Le domaine de la propriété intellectuelle a désormais son chien de garde. A l'instar des associations spécialisées dans les droits de l'homme ou de la protection de l'environnement, Intellectual Property Watch (IP-Watch) est une initiative qui veut, d'une part, insuffler plus de transparence et d'équilibre entre les intérêts privé et public et, d'autre part, faire mieux connaître les enjeux globaux de la protection des inventions et des marques.

«Nous voulons documenter et informer le public sur le processus de décision et d'élaboration des politiques en matière de propriété intellectuelle», explique Isabelle Scherrer, directrice de IP-Watch. Selon elle, l'accès à l'information est essentiel. Car parfois des accords sont signés, sur l'accès aux médicaments par exemple, sans que tous les concernés ne soient mis au courant.

Qui sont les interlocuteurs de IP-Watch? Des gouvernements qui négocient des accords internationaux, les entreprises – notamment des secteurs pharmaceutique et agroalimentaire –, ainsi que la société civile. Les informations récoltées seront publiées dans un mensuel et sur un site internet.
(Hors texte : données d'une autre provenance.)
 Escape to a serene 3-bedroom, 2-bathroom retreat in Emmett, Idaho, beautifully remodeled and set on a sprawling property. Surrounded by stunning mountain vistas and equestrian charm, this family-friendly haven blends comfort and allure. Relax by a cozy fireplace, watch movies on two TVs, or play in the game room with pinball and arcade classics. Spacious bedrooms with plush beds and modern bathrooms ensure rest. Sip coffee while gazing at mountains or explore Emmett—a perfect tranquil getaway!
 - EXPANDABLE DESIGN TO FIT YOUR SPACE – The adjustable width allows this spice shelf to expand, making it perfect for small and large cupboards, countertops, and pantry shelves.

IP-Watch ne se veut pas un lobby en faveur d'aucun produit, accord ou entreprise et n'entend pas non plus participer à des campagnes publiques.
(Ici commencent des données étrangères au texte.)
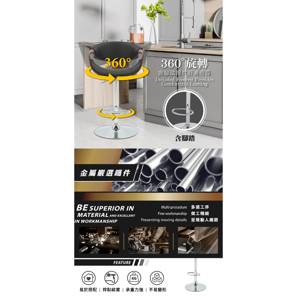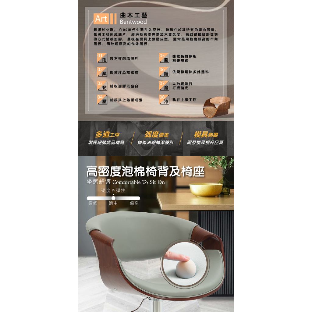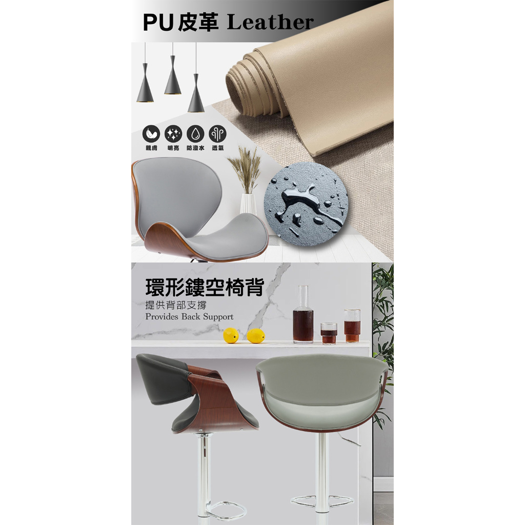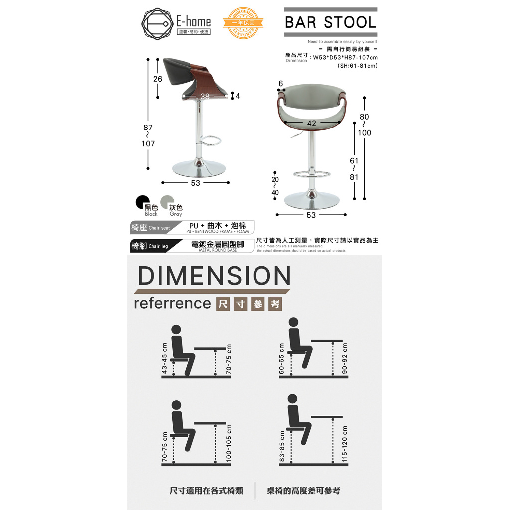 E-home 泰瑞爾面流線曲木可調式吧臺椅 高腳椅 升降椅 餐桌椅 椅子 吧台椅黑色|灰色Benches, Chairs & StoolsE-home 美規設計傢俱

Qui finance IP-Watch? «Nous débutons nos activités grâce à la fondation Rockfeller et à l'Open Society Institute (ndlr: financé par l'homme d'affaires américain George Soros). Nous avons encore besoin de fonds, mais il n'est pas question d'approcher des multinationales. Nous voulons garder une liberté totale dans nos activités», répond Isabelle Scherrer.